== Exercise input
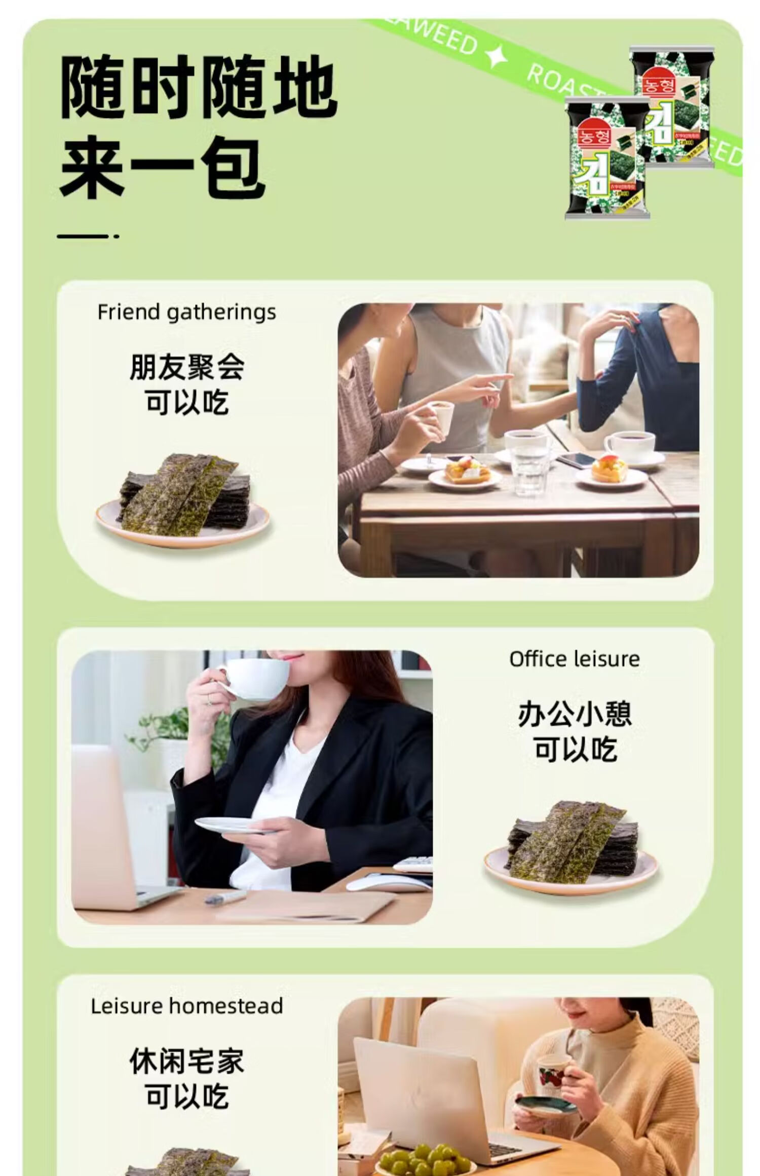 农亨原味岩烧海苔片16g 即食海苔寿司香脆紫菜片儿童零食小吃2g*8小包
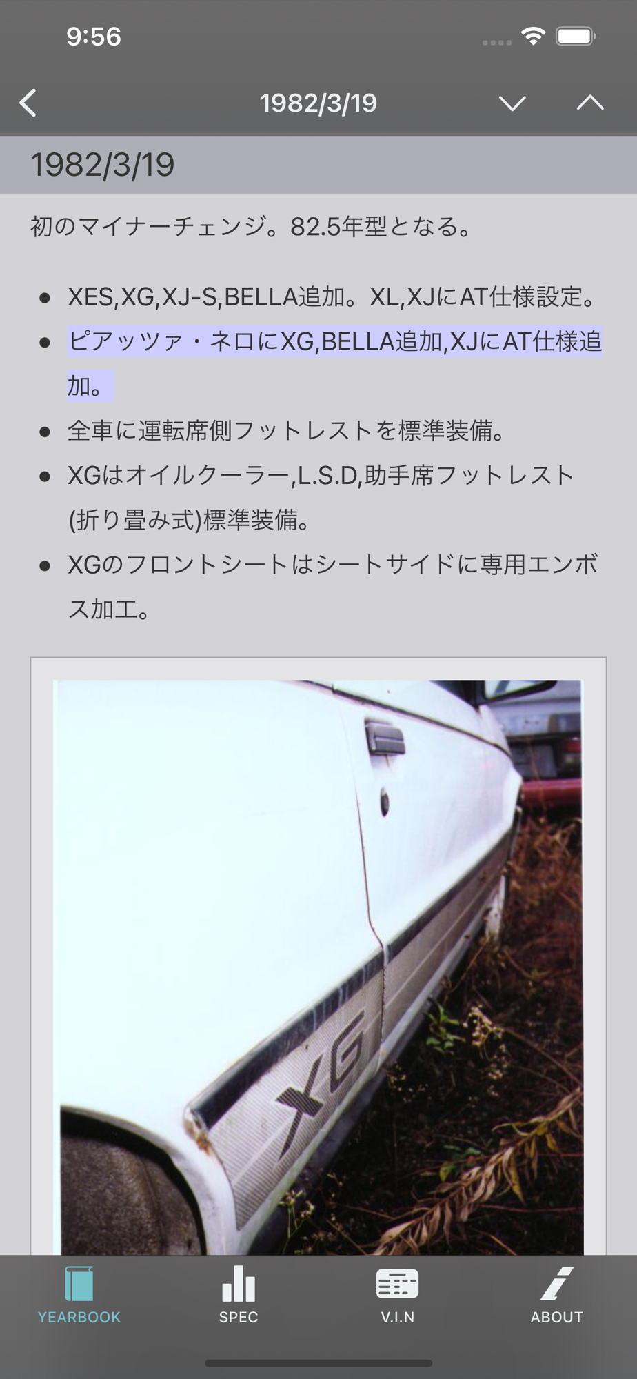 PIAZZA Database consists of 3 applications. Yearbook (chronological table), Specification of 6 different models, and VIN plate decorder application.
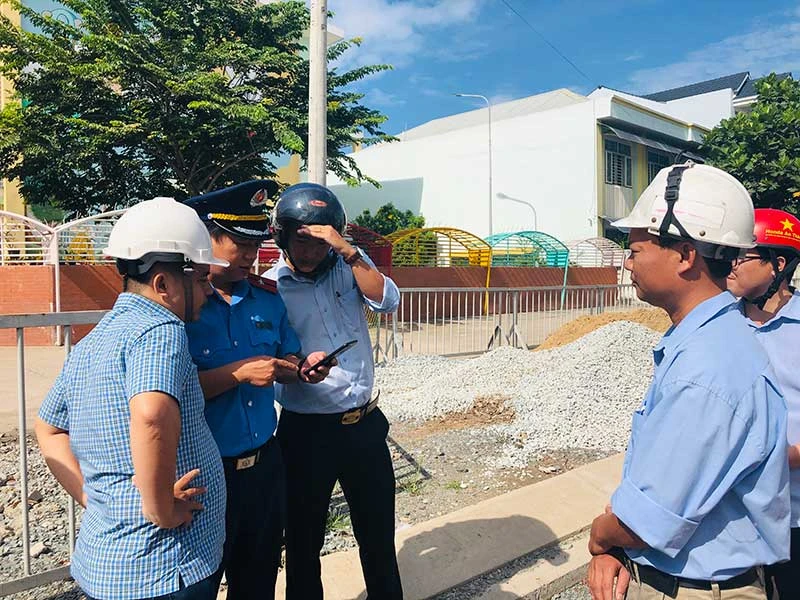 Đoàn kiểm tra liên ngành đang kiểm tra hiện trường công trình. Ảnh: ĐÀO TRANG
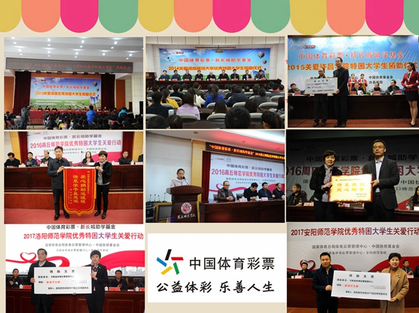 河南省體育彩票管理中心自2013年開始,已經(jīng)連續(xù)五年通過國家體育總局體育彩票管理中心與中國扶貧基金會合作,以“中國體育彩票·新長城助學(xué)基金”形式,向信陽師范學(xué)院、河南師范大學(xué)、許昌學(xué)院、商丘師范學(xué)院、周口師范學(xué)院、洛陽師范學(xué)院、安陽師范學(xué)院共計7所院校的400名優(yōu)秀貧困大學(xué)生累計捐助助學(xué)金200萬元。2015年,河南體彩中心在前兩年每年捐助50名貧困大學(xué)生的基礎(chǔ)上,將受助名額增加到了60名,2016年開始又將捐贈學(xué)校從一所增加到兩所,受助學(xué)生名額從60名又增加到120名,每個學(xué)生的受助金額從4000元提高到了5000元,希望幫助更多的困難學(xué)生及其家庭減輕經(jīng)濟負(fù)擔(dān)和精神壓力。
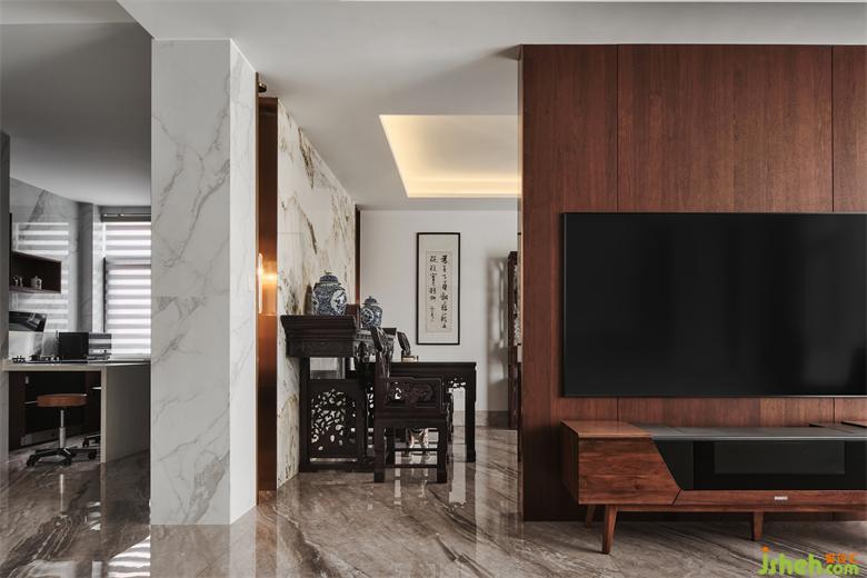 由胡桃木電視墻隔斷出來(lái)的后面空間
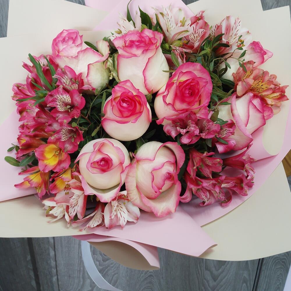 Сборный с розами и альстромерияей
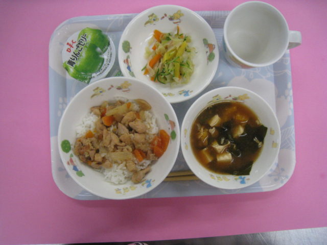 焼き鳥丼は、鶏肉・にんじん・玉ねぎが入っていて少し甘めの味付になっているのでみんなたくさん食べてくれました🎶
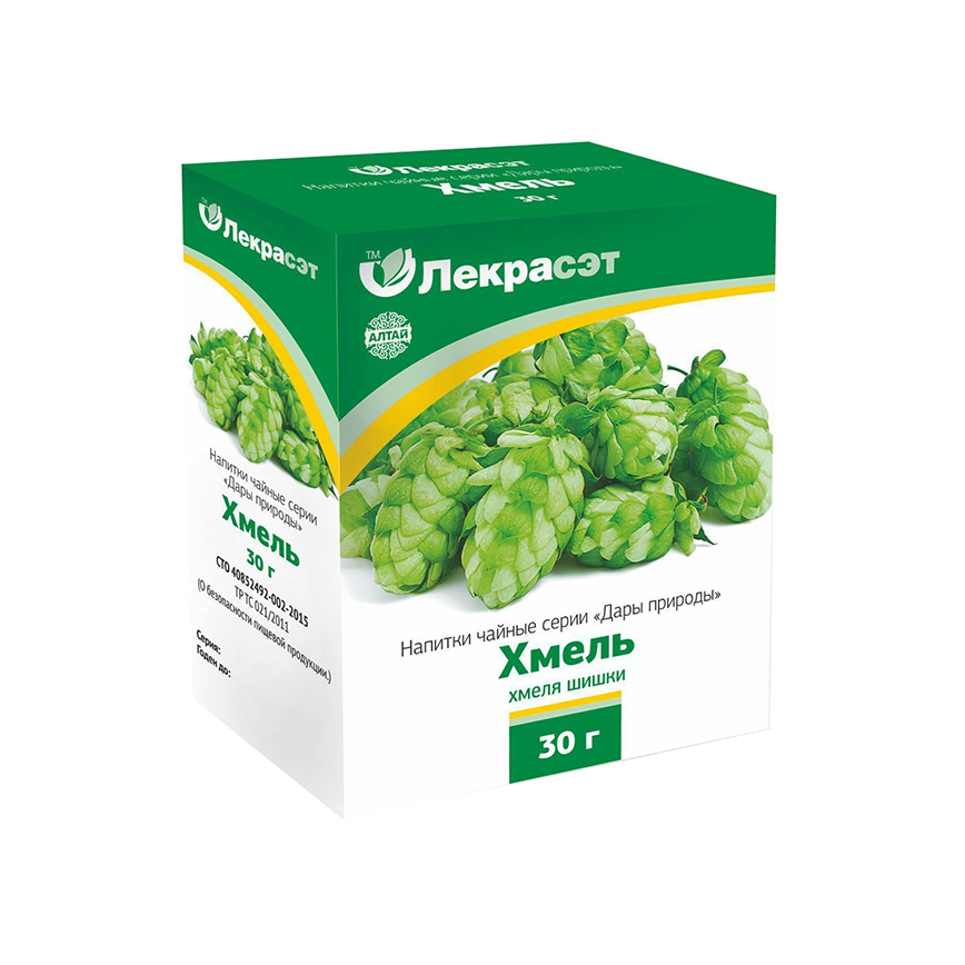 Комплекс биологически активных веществ (в т. ч. флавоноидов, гормонов, витаминов) обуславливает противовоспалительные, капилляроукрепляющие, гипосенсибилизирующие и болеутоляющие свойства. Кроме того, галеновы препараты шишек хмеля обладают регенеративными, бактерицидными и фунгицидными свойствами. Антимикробная активность объясняется наличием горьких кислот гумулона и лупулона. Имеются данные об эстрогенной активности экстракта из шишек хмеля.
====
This exercise asks for an exact copy of the lines from the first one in the data through the line that contains "Đoàn kiểm tra", pictures excluded.

 农亨原味岩烧海苔片16g 即食海苔寿司香脆紫菜片儿童零食小吃2g*8小包
 PIAZZA Database consists of 3 applications. Yearbook (chronological table), Specification of 6 different models, and VIN plate decorder application.
 Đoàn kiểm tra liên ngành đang kiểm tra hiện trường công trình. Ảnh: ĐÀO TRANG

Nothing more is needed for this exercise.